# So how much does the military teach a person about guns?



## PhotonGuy (Nov 1, 2013)

Lots of people probably think that in the military of course you're going to learn about guns and that much of the training will involve guns, but from what I've heard, lots of military training does not involve guns and depending on a person's job in the military, their training might not involve guns at all, or at least very little of it. Obviously, there are other ways to learn about guns besides joining the military, and joining the military just so you can learn about guns if you ask me is a really dumb reason to join. However, Im wondering if some of the best competitive and self defense shooters in the world have military backgrounds.


----------



## elder999 (Nov 1, 2013)

PhotonGuy said:


> Lots of people probably think that in the military of course you're going to learn about guns and that much of the training will involve guns, but from what I've heard, lots of military training does not involve guns and depending on a person's job in the military, their training might not involve guns at all, or at least very little of it.



Depends upon the branch of service and MOS. 

*All* Marines are combat infantrymen, and spend time on rifle proficiency. Airmen? Not so much.



PhotonGuy said:


> However, Im wondering if some of the best competitive and self defense shooters in the world have military backgrounds.



Depends upon the event. More world-class competitive long-distance shooters are military trained than not.  As far as pistols and other "practical shooting" events go, you have to consider police training, as well as people like me who had other reasons to need to be able to shoot well, but never served in the military or police.


----------



## Tgace (Nov 1, 2013)

elder999 said:


> *All* Marines are combat infantrymen, and spend time on rifle proficiency.
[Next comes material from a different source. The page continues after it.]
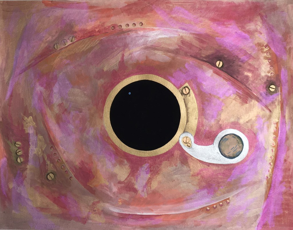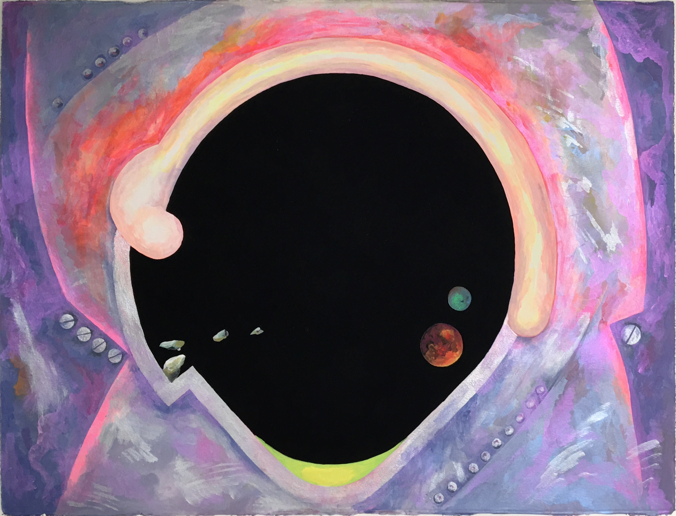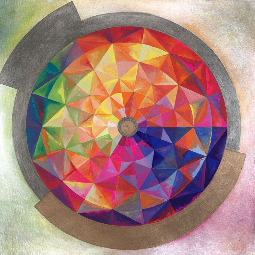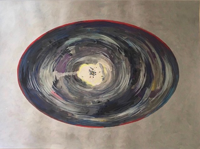 a fuga 2, guache sobre papel, 30 cm diâmetro ( 2020 )

Airmen? Not so much.



Well...no disrespect to my USMC brethren, but the Marines tell recruits that every Marine is a "Rifleman"...far different concept.

Check this site for verification:

http://www.futurejarheads.org/everymarinearifleman.htm



> In a very general sense, you can say that every Marine is "trained" in very basic rifleman skills and I mean very basic. The problem with this is that non-infantry Marines will receive this very basic rifleman training right after boot camp while at MCT and most will never do this type of training again while in the Corps. It is an insult to the actual 0311 Marines who are actually trained as Marine Corps rifleman to suggest that every Marine is just like them. It is very important to not misinterpret the phrase of "Every Marine a Rifleman." Yes, every Marine is trained in very basic infantry tactics, but this does not mean every Marine will work as a rifleman during his or her enlistment, especially when deployed.



Army Basic trains everyone in fundamental marksmanship and basic infantry tactics as well...very basic....the USMC just has a better PR department. 

To answer the OP. In the Army/USMC at least (don't know about the other branches)...everyone will have to qualify with a rifle to pass basic training. My basic also had a "US Weapons" phase that familiarized you with other weapons/crew served platforms (M60 back then, M2, AT4, Claymore, etc.). When one goes to their Advanced Individual Training for their Military Occupational Specialization they may get additional weapons training/qualification standards depending on the job they are assigned.


----------



## J W (Nov 1, 2013)

In USAF BMT we had to qualify with the M16. This amounted to one day of rifle training; a morning class on how it works, and then an afternoon at the range. 

Of course, this was over a decade ago and I think they've added a couple of weeks to basic since then, so they may spend some more time on it these days. 

Then in the Air National Guard we would qualify every couple of years, and that was about it. Of course, I had a backshop job so firearms weren't really a part of it. I'm sure the Security Forces guys spent much more time with guns than I did.


----------



## sfs982000 (Nov 2, 2013)

J W said:


> In USAF BMT we had to qualify with the M16. This amounted to one day of rifle training; a morning class on how it works, and then an afternoon at the range.
> 
> Of course, this was over a decade ago and I think they've added a couple of weeks to basic since then, so they may spend some more time on it these days.
> 
> Then in the Air National Guard we would qualify every couple of years, and that was about it. Of course, I had a backshop job so firearms weren't really a part of it. I'm sure the Security Forces guys spent much more time with guns than I did.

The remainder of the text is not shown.